**RECORDS TO PROCESS:**
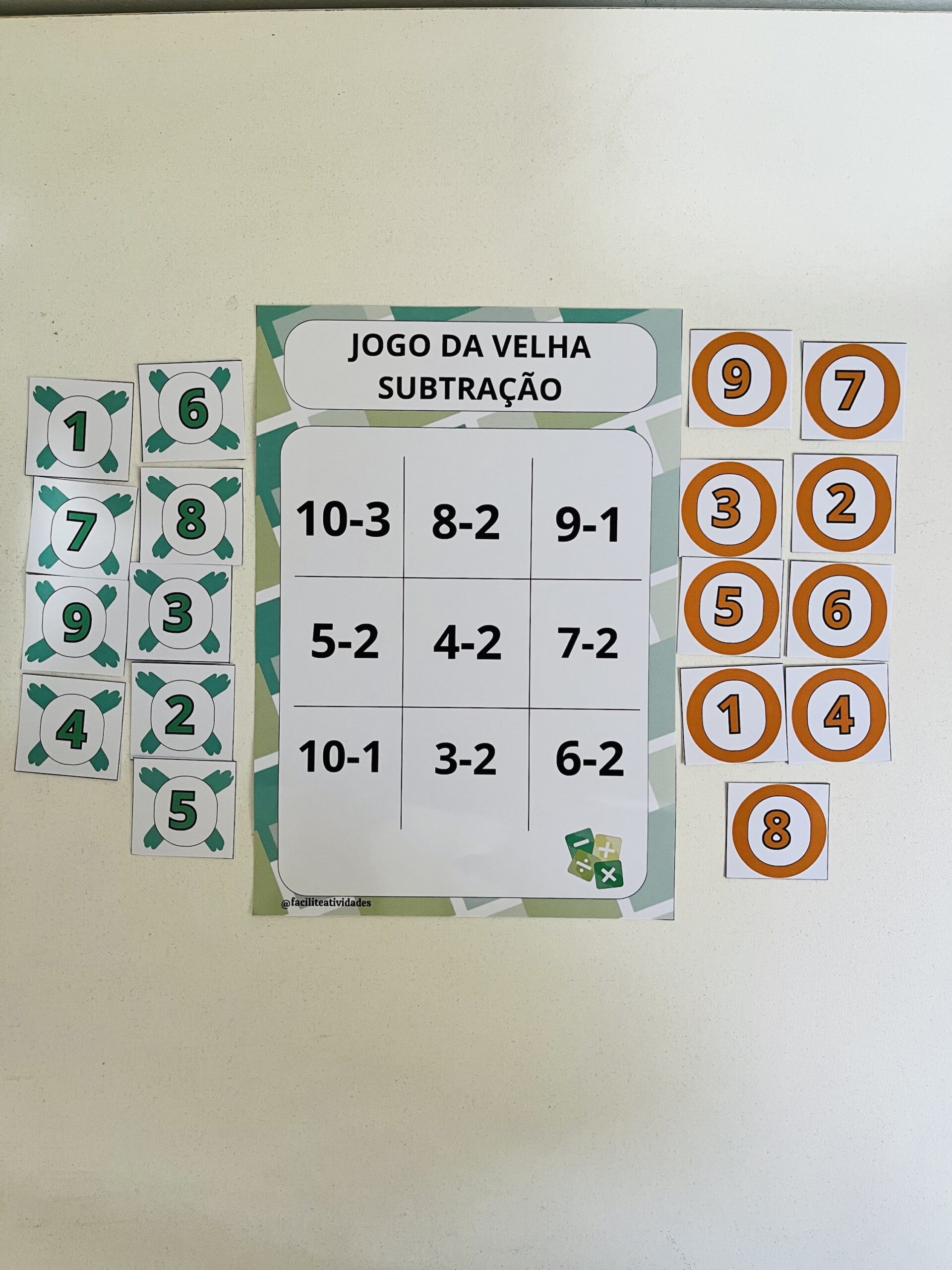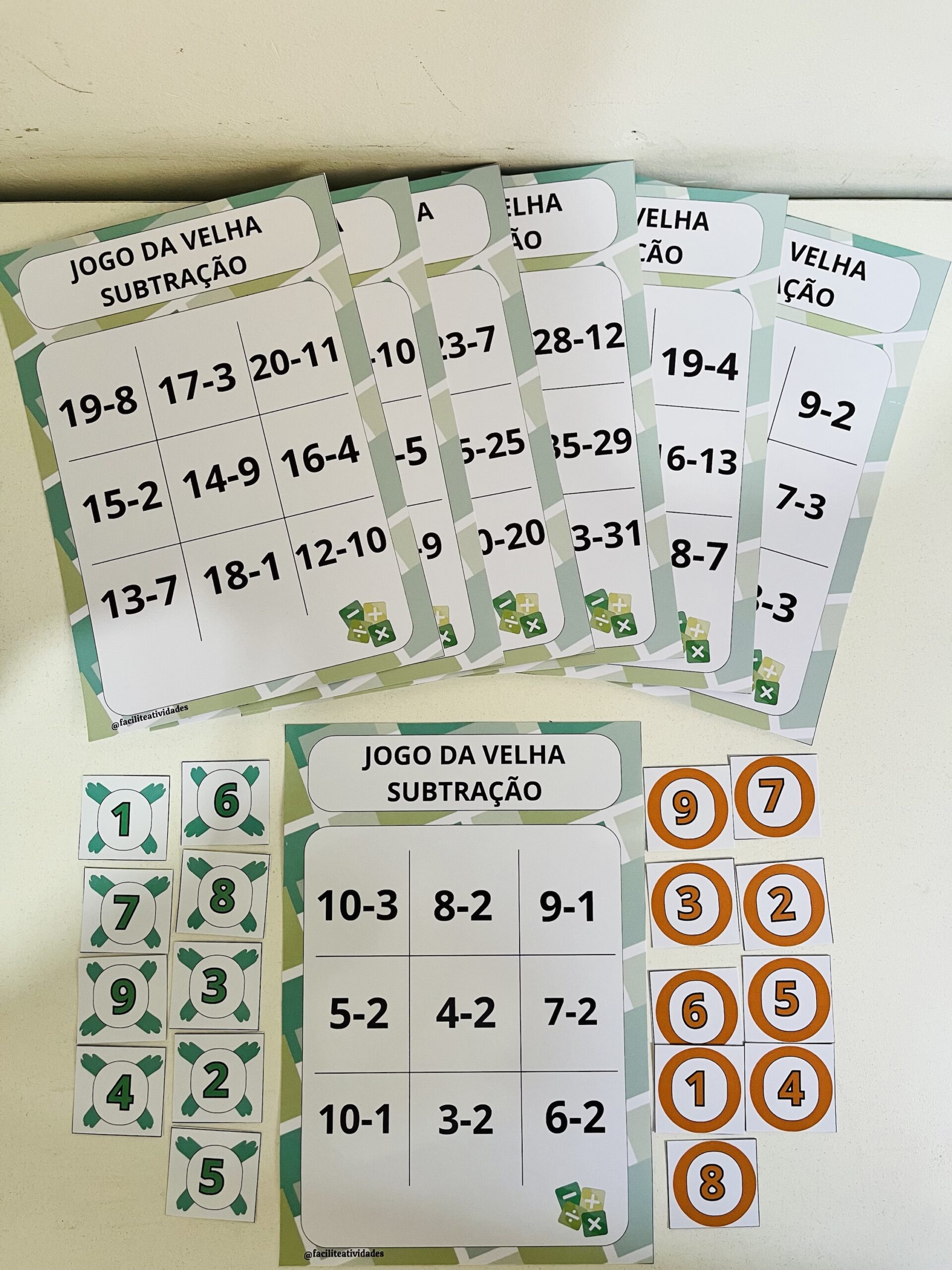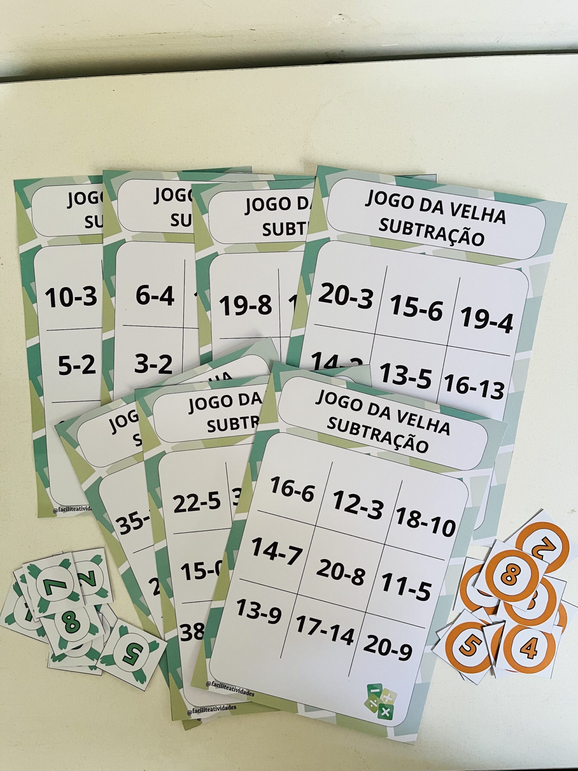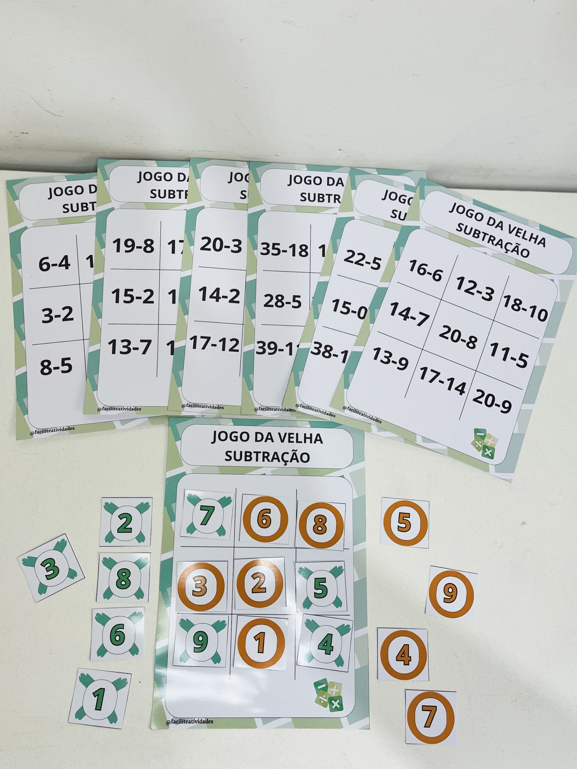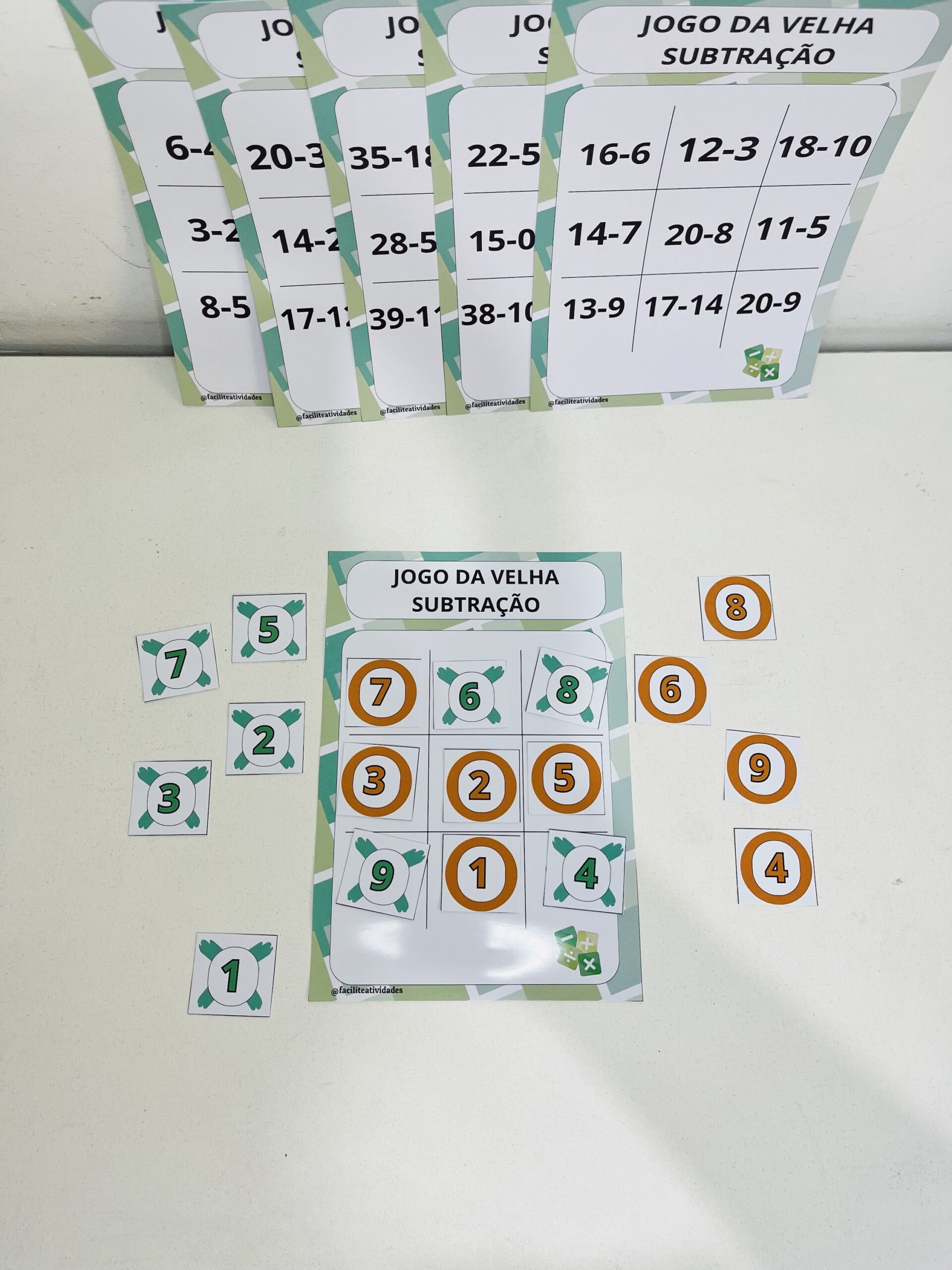 O Jogo da Velha da Subtração” é uma ferramenta educativa perfeita para ensinar matemática de forma divertida! O pacote inclui 15 cartelas cuidadosamente elaboradas, começando com subtrações mais fáceis (de 1 a 10) para iniciantes e progredindo para desafios maiores (de 20 a 40), ideal para diferentes níveis de aprendizado. O jogo vem com uma grade principal do jogo da velha (1 a 9) e peças coloridas (verde e laranja) numeradas de 1 a 9, permitindo que os jogadores marquem suas respostas. Combine aprendizado e diversão enquanto as crianças resolvem as operações e competem para vencer. Perfeito para professores e pais!
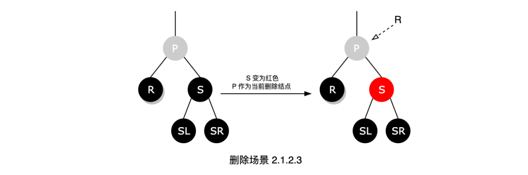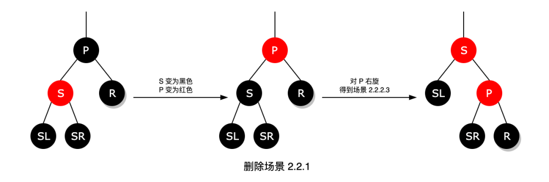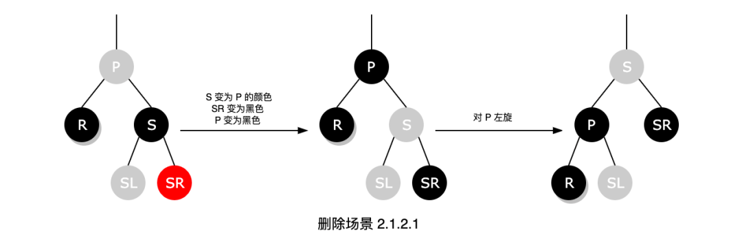 若兄弟结点是红结点,那么根据红黑树性质 4,兄弟结点的父结点和子结点肯定为黑色,按照下图方式处理,得到删除场景 2.1.2.3。
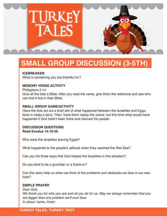 Turkey Trot – God frees His people from their slavery in Egypt. They respond by complaining constantly. The Israelites complain when they reach the Red Sea. Exodus 14
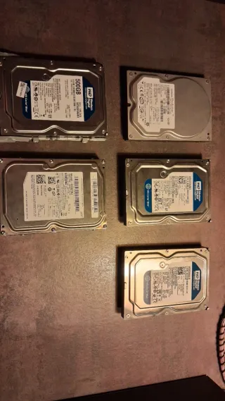 Lote de cinco discos duros de 1TB cada uno. Incluye unidades de las marcas Hitachi y Western Digital. - Capacidad: 1TB por unidad. - Marcas incluidas: Hitachi y Western Digital. - Ideales para almacenamiento adicional.
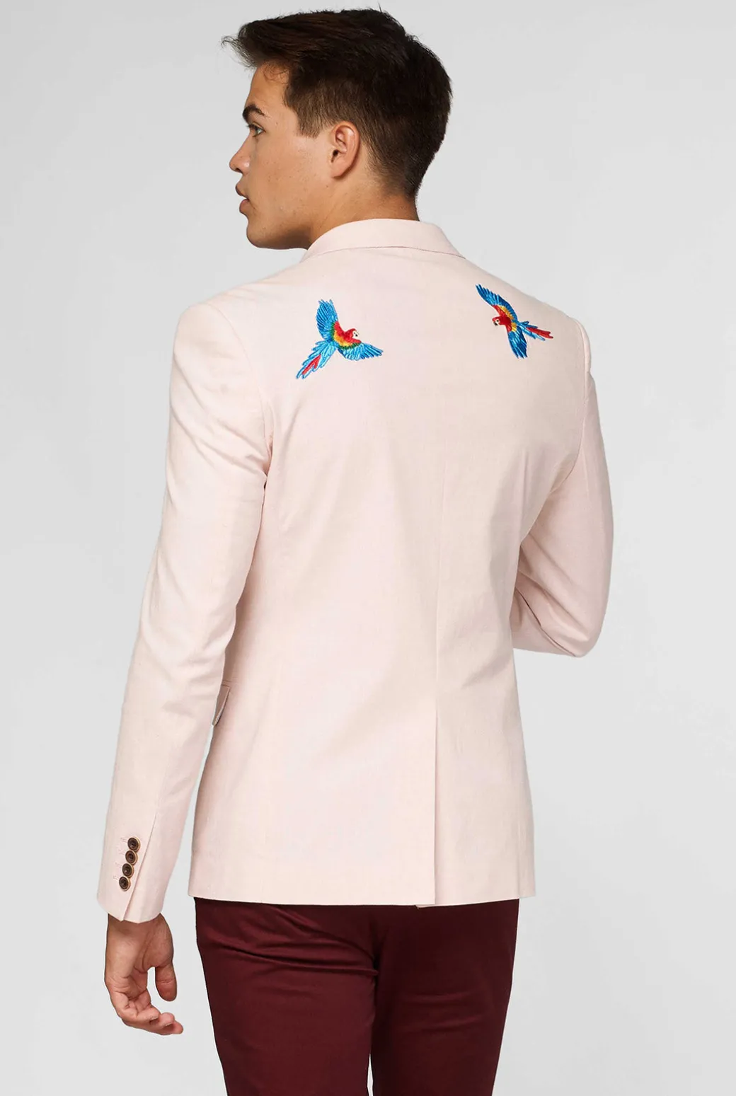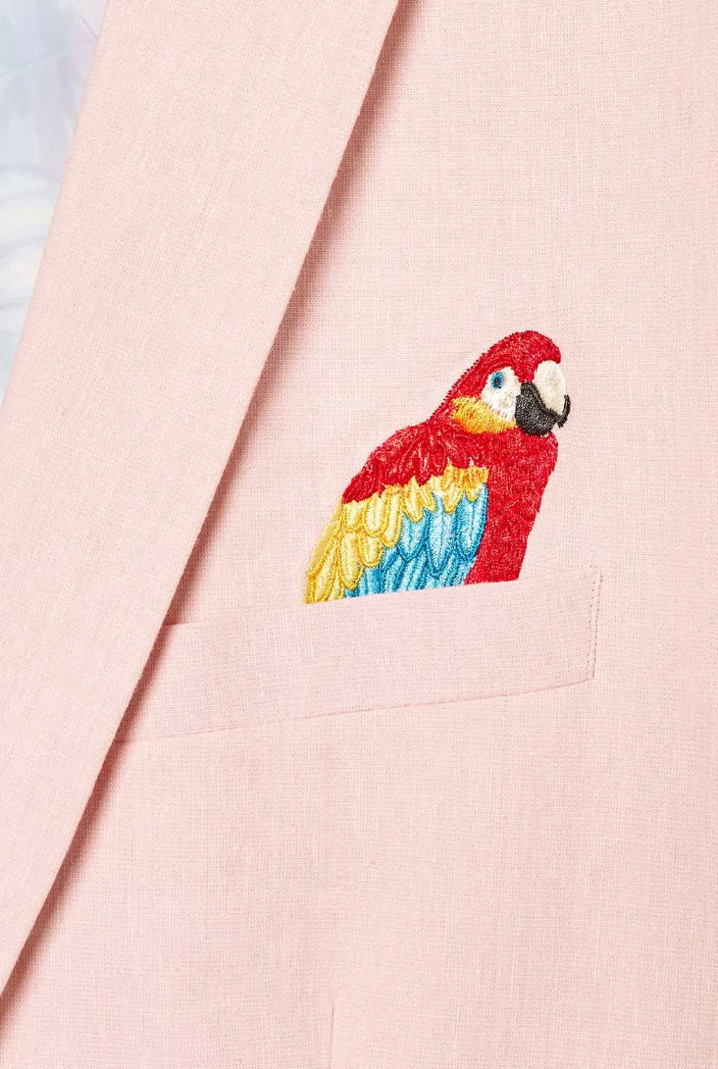 De lente en zomer zijn dé seizoenen om levendige stijlkeuzes te maken. Deze zachtroze OppoSuits Deluxe blazer is gemaakt van een luchtige, hoge kwaliteit katoen-linnen mix en daardoor perfect om jou cool te houden terwijl je stijlvol voor de dag komt. Met twee uit het oog springende, geborduurde papegaaien en een voering met palmbladeren heeft dit jasje het allemaal: fun, luxe en stijl.
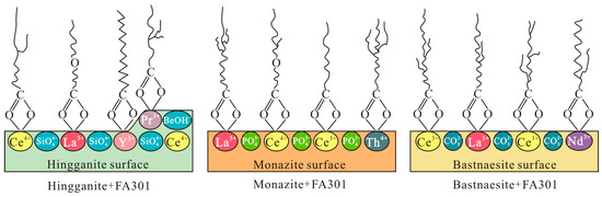 The composite collector FA301 chemically adsorbed onto the surface of hingganite, monazite, and bastnaesite, with the carboxyl group serving as the main functional group contributing to the collection effect.
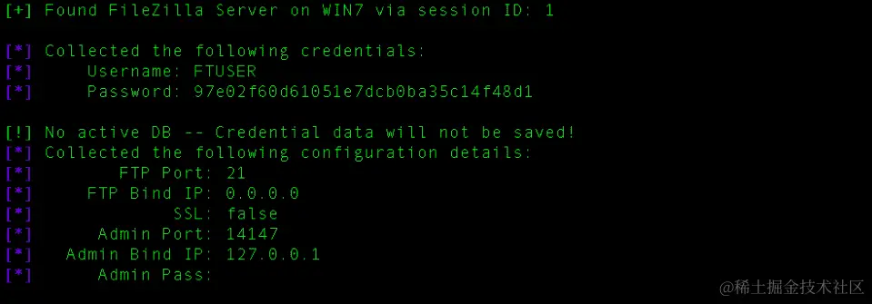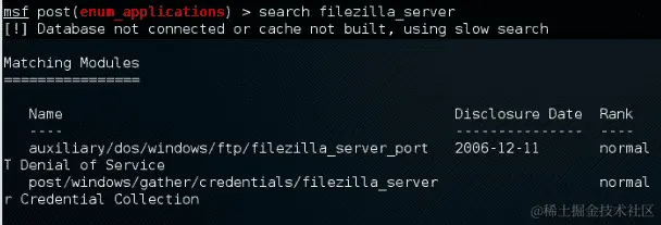 现在我们将尝试收集安装在机器上的 FileZilla 服务器(可用于传输文件的 FTP 服务器)的存储配置和凭据。我们将使用该模块:

**REQUIREMENT:** An exact copy of the entries above, with no pictures, is the required answer.

**THE ANSWER:**
 O Jogo da Velha da Subtração” é uma ferramenta educativa perfeita para ensinar matemática de forma divertida! O pacote inclui 15 cartelas cuidadosamente elaboradas, começando com subtrações mais fáceis (de 1 a 10) para iniciantes e progredindo para desafios maiores (de 20 a 40), ideal para diferentes níveis de aprendizado. O jogo vem com uma grade principal do jogo da velha (1 a 9) e peças coloridas (verde e laranja) numeradas de 1 a 9, permitindo que os jogadores marquem suas respostas. Combine aprendizado e diversão enquanto as crianças resolvem as operações e competem para vencer. Perfeito para professores e pais!
 若兄弟结点是红结点,那么根据红黑树性质 4,兄弟结点的父结点和子结点肯定为黑色,按照下图方式处理,得到删除场景 2.1.2.3。
 Turkey Trot – God frees His people from their slavery in Egypt. They respond by complaining constantly. The Israelites complain when they reach the Red Sea. Exodus 14
 Lote de cinco discos duros de 1TB cada uno. Incluye unidades de las marcas Hitachi y Western Digital. - Capacidad: 1TB por unidad. - Marcas incluidas: Hitachi y Western Digital. - Ideales para almacenamiento adicional.
 De lente en zomer zijn dé seizoenen om levendige stijlkeuzes te maken. Deze zachtroze OppoSuits Deluxe blazer is gemaakt van een luchtige, hoge kwaliteit katoen-linnen mix en daardoor perfect om jou cool te houden terwijl je stijlvol voor de dag komt. Met twee uit het oog springende, geborduurde papegaaien en een voering met palmbladeren heeft dit jasje het allemaal: fun, luxe en stijl.
 The composite collector FA301 chemically adsorbed onto the surface of hingganite, monazite, and bastnaesite, with the carboxyl group serving as the main functional group contributing to the collection effect.
 现在我们将尝试收集安装在机器上的 FileZilla 服务器(可用于传输文件的 FTP 服务器)的存储配置和凭据。我们将使用该模块:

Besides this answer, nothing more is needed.